** Data **

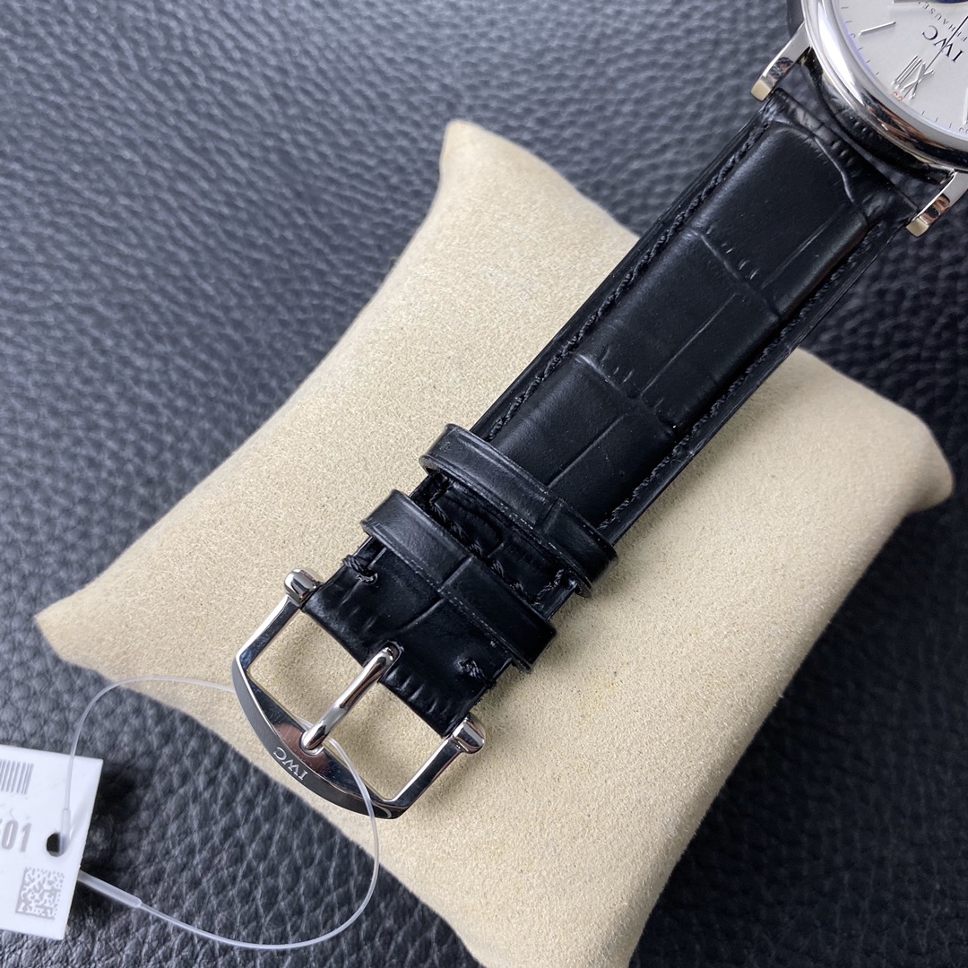The IWC Portofino series watch is famous for its classic and elegant design style.The 40-mm diameter shows a medium-sized appearance, suitable for most wrist sizes.Equipped with an automatic movement, it ensures accurate and reliable time display.The watch has the functions of hours, minutes, and seconds, meeting the basic needs of daily use.The water resistance of 30 meters makes the watch suitable for water passion in daily life.The sapphire crystal glass lens has excellent transparency and scratch resistance, protecting the clarity of the dial.Equipped with a pin buckle design, it is simple and elegant.The stainless steel case exhibits a sturdy and classic appearance.Paired with a leather strap, it is both elegant and comfortable.The IWC Portofino series watch, with its exquisite craftsmanship and classic design, brings endless charm to those who love elegant style.
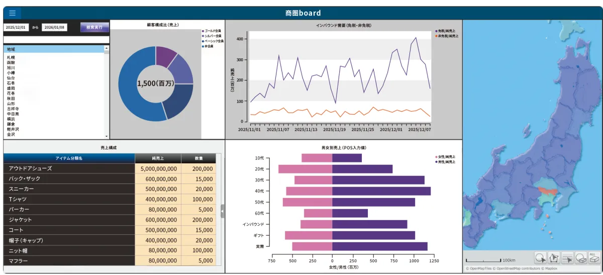 導入されたMotionBoardは、従来の商圏分析において重要な役割を果たします。顧客の構成比やインバウンド需要、売上状況を地図機能を用いて視覚化し、店舗別の売上構成や進捗状況もリアルタイムで確認できるようになりました。また、販売員は前年対比や会員のランク変化を一目で把握できるため、業務の効率化が図られています。
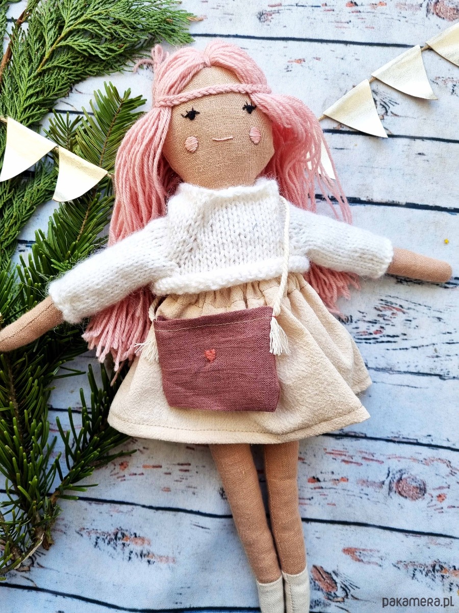 Lala jest uszyta z najwyższej jakości materiałów polskiej produkcji, sama lala jest uszyta z miękkiego lnu a ubranka z lnu, muślinu i weluru. Kolory mogą się troszkę różnić od tych na zdjęciu.
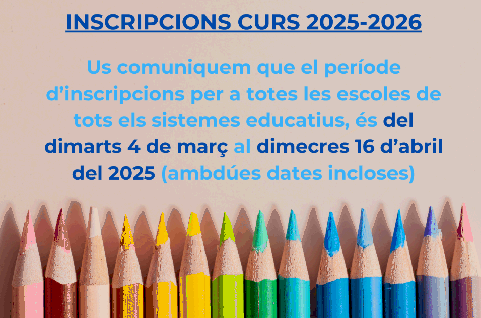 Les preinscripcions per al curs escolar 2025-2026 es podran fer del 4 de març al 16 d’abril
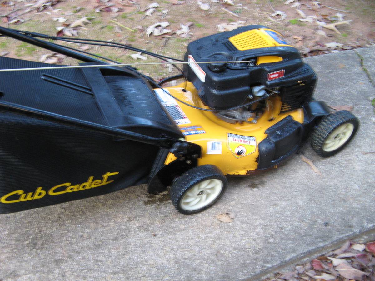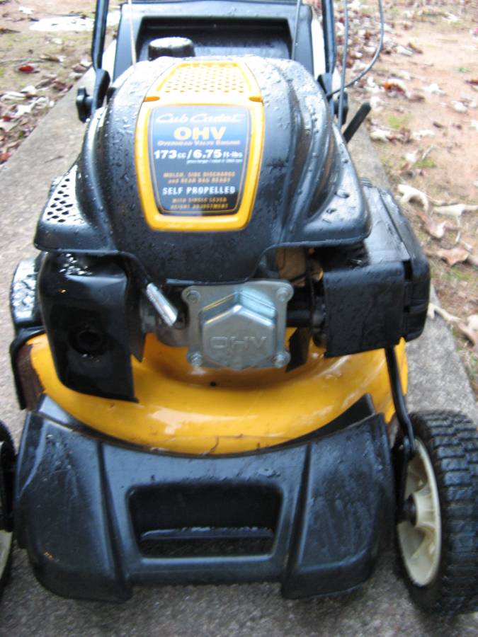 I have a fantastic, one owner, cub cadet self-propelled mower featuring a 6.75-foot-pound/173cc gas-powered engine. This is a very reasonable price for this mower. Mainly because of the time of year. The quality of the mower is excellent. Remove the bag, and then you can mulch the grass. Adjust the cutting height by moving a lever instead of having to adjust four.
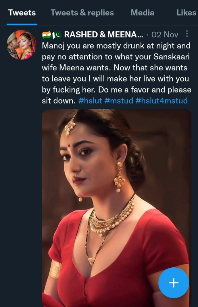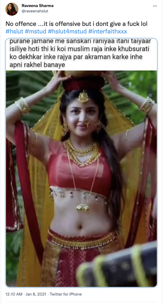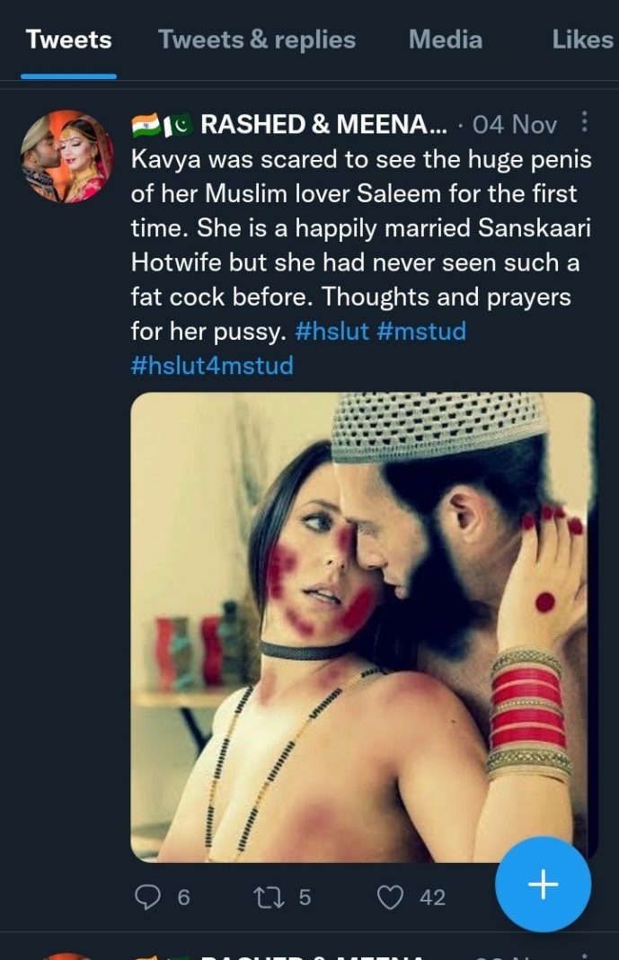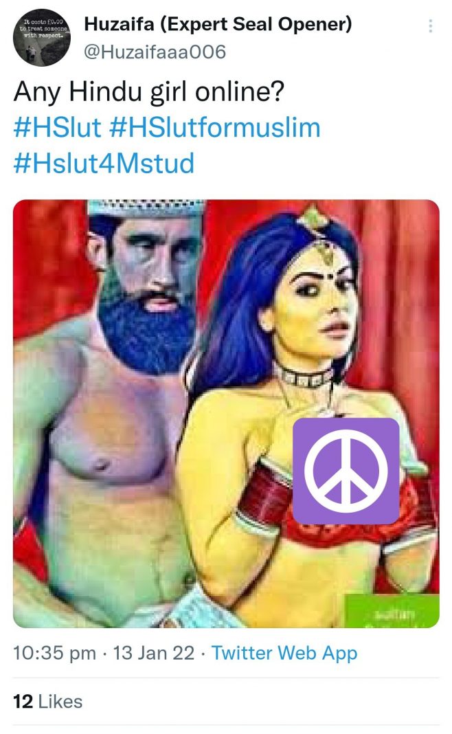 The group uses hashtag #hslut4mstud or “Hindu sl*t for Muslim stud”.

** What is being asked **
Could you print all of the entries above exactly as written, minus the pictures?

** Reply **
The IWC Portofino series watch is famous for its classic and elegant design style.The 40-mm diameter shows a medium-sized appearance, suitable for most wrist sizes.Equipped with an automatic movement, it ensures accurate and reliable time display.The watch has the functions of hours, minutes, and seconds, meeting the basic needs of daily use.The water resistance of 30 meters makes the watch suitable for water passion in daily life.The sapphire crystal glass lens has excellent transparency and scratch resistance, protecting the clarity of the dial.Equipped with a pin buckle design, it is simple and elegant.The stainless steel case exhibits a sturdy and classic appearance.Paired with a leather strap, it is both elegant and comfortable.The IWC Portofino series watch, with its exquisite craftsmanship and classic design, brings endless charm to those who love elegant style.
 導入されたMotionBoardは、従来の商圏分析において重要な役割を果たします。顧客の構成比やインバウンド需要、売上状況を地図機能を用いて視覚化し、店舗別の売上構成や進捗状況もリアルタイムで確認できるようになりました。また、販売員は前年対比や会員のランク変化を一目で把握できるため、業務の効率化が図られています。
 Lala jest uszyta z najwyższej jakości materiałów polskiej produkcji, sama lala jest uszyta z miękkiego lnu a ubranka z lnu, muślinu i weluru. Kolory mogą się troszkę różnić od tych na zdjęciu.
 Les preinscripcions per al curs escolar 2025-2026 es podran fer del 4 de març al 16 d’abril
 I have a fantastic, one owner, cub cadet self-propelled mower featuring a 6.75-foot-pound/173cc gas-powered engine. This is a very reasonable price for this mower. Mainly because of the time of year. The quality of the mower is excellent. Remove the bag, and then you can mulch the grass. Adjust the cutting height by moving a lever instead of having to adjust four.
 The group uses hashtag #hslut4mstud or “Hindu sl*t for Muslim stud”.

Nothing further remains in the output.